#### [Task to carry out]
Once the line containing "- Look forward" is found in the entries below, reproduce it and every line after it, stopping at and including the line containing "休み時間には、たくさんの児童"; reproduce nothing else, and keep each line exact.

#### [Supplied records]
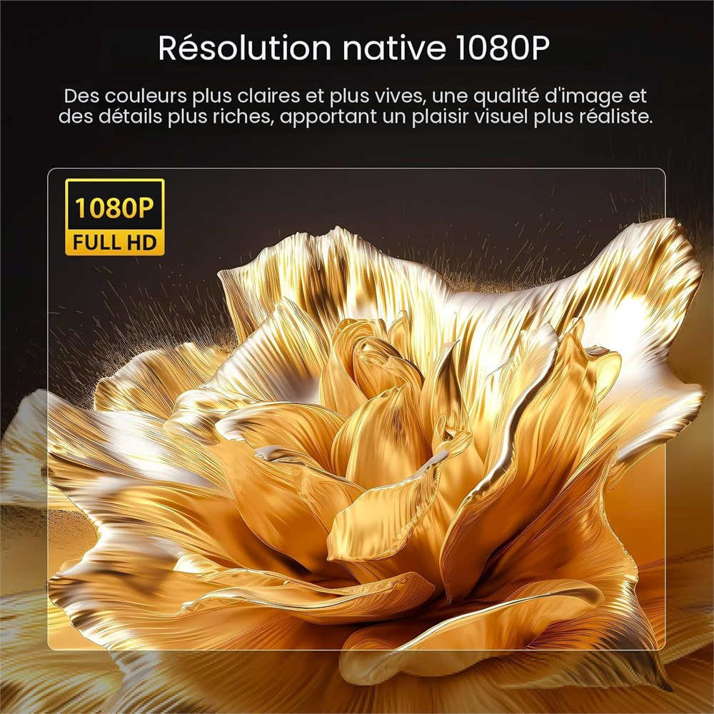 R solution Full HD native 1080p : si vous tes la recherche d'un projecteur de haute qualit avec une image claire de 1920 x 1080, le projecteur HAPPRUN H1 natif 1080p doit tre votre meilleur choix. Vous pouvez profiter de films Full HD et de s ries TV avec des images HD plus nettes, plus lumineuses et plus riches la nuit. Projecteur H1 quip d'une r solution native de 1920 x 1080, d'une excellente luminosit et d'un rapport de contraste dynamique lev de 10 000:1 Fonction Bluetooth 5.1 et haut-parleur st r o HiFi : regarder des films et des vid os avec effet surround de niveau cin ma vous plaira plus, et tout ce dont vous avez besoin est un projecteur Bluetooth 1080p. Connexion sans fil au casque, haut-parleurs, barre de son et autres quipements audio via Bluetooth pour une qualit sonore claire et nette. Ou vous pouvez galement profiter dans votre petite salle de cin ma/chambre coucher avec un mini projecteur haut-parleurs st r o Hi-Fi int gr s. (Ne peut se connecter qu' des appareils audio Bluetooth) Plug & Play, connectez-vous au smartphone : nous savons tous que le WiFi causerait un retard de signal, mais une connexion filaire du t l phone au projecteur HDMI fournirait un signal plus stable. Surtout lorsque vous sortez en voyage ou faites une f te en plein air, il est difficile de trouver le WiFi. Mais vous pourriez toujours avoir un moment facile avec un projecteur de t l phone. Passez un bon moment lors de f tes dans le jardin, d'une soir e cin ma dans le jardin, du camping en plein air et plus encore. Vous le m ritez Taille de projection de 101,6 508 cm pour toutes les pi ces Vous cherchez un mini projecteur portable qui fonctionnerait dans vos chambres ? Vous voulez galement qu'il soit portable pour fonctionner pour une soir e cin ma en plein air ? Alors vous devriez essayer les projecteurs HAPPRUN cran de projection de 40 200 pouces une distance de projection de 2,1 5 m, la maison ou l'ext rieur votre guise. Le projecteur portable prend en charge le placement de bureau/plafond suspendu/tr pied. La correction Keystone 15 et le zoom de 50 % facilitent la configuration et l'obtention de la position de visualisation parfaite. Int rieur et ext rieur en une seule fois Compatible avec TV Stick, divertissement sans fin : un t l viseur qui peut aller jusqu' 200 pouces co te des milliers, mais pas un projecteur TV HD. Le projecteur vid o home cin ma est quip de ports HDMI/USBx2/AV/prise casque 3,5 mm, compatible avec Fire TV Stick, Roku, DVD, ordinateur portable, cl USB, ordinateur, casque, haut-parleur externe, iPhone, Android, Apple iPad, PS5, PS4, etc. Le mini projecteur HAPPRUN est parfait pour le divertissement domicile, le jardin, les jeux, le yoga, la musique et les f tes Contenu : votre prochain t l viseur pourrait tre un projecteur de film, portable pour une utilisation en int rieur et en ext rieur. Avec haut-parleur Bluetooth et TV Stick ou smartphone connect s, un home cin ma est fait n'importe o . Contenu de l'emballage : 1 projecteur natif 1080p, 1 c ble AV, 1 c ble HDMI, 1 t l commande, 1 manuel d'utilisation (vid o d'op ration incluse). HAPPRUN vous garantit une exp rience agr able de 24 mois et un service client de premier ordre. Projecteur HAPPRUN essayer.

---

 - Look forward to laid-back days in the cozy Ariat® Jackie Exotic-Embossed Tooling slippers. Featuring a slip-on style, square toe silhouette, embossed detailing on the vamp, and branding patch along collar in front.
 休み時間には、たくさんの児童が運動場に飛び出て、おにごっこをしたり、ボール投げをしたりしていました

#### [Exercise output]
 - Look forward to laid-back days in the cozy Ariat® Jackie Exotic-Embossed Tooling slippers. Featuring a slip-on style, square toe silhouette, embossed detailing on the vamp, and branding patch along collar in front.
 休み時間には、たくさんの児童が運動場に飛び出て、おにごっこをしたり、ボール投げをしたりしていました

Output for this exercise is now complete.